━━ Data for this task
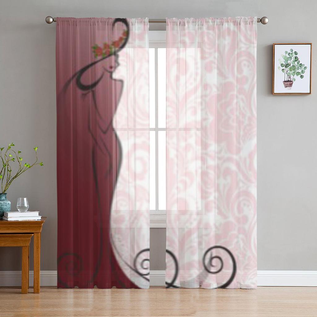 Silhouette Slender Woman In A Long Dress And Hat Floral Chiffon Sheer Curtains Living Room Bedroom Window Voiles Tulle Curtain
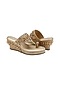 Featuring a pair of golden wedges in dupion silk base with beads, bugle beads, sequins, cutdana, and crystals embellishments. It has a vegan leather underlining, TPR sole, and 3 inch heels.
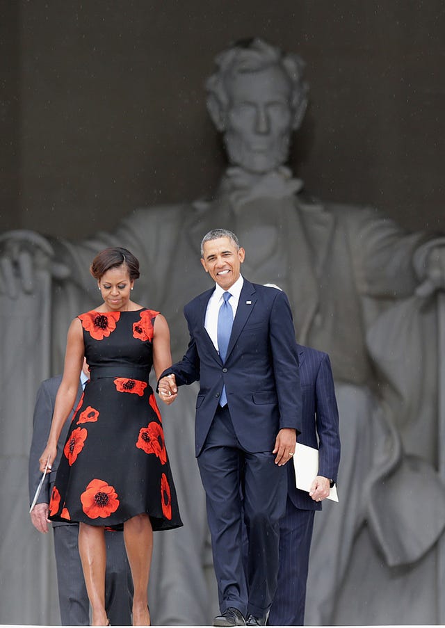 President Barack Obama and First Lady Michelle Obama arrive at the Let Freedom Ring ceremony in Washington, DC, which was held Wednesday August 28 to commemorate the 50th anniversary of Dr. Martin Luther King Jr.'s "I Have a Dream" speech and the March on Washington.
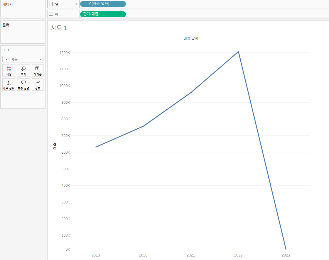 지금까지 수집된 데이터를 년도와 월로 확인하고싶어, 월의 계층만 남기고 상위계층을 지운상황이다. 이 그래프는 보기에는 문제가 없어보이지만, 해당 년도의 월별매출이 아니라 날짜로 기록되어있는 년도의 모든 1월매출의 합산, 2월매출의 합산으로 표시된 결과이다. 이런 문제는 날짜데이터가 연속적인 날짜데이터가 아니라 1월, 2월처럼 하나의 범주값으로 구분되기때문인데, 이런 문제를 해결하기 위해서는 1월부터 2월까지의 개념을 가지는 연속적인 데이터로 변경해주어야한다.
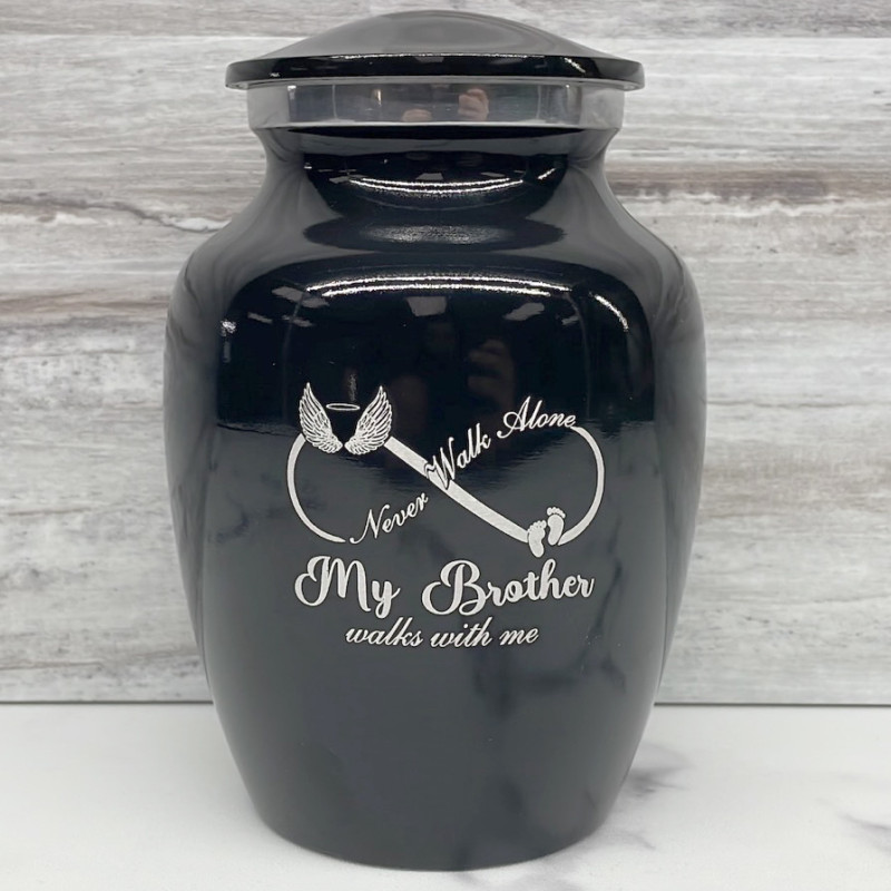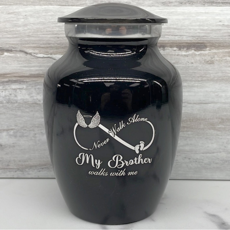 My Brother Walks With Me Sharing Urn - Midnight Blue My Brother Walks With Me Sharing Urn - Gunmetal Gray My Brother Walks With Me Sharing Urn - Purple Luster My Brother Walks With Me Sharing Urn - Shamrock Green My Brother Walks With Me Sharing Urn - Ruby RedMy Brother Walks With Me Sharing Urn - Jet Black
━━━━
● **Exercise**
Keep to the lines above from the line with "Featuring a pair" to the line with "지금까지 수집된 데이터를", and set down exactly those, inclusive, with nothing else and every picture left out.

● **Written solution**
 Featuring a pair of golden wedges in dupion silk base with beads, bugle beads, sequins, cutdana, and crystals embellishments. It has a vegan leather underlining, TPR sole, and 3 inch heels.
 President Barack Obama and First Lady Michelle Obama arrive at the Let Freedom Ring ceremony in Washington, DC, which was held Wednesday August 28 to commemorate the 50th anniversary of Dr. Martin Luther King Jr.'s "I Have a Dream" speech and the March on Washington.
 지금까지 수집된 데이터를 년도와 월로 확인하고싶어, 월의 계층만 남기고 상위계층을 지운상황이다. 이 그래프는 보기에는 문제가 없어보이지만, 해당 년도의 월별매출이 아니라 날짜로 기록되어있는 년도의 모든 1월매출의 합산, 2월매출의 합산으로 표시된 결과이다. 이런 문제는 날짜데이터가 연속적인 날짜데이터가 아니라 1월, 2월처럼 하나의 범주값으로 구분되기때문인데, 이런 문제를 해결하기 위해서는 1월부터 2월까지의 개념을 가지는 연속적인 데이터로 변경해주어야한다.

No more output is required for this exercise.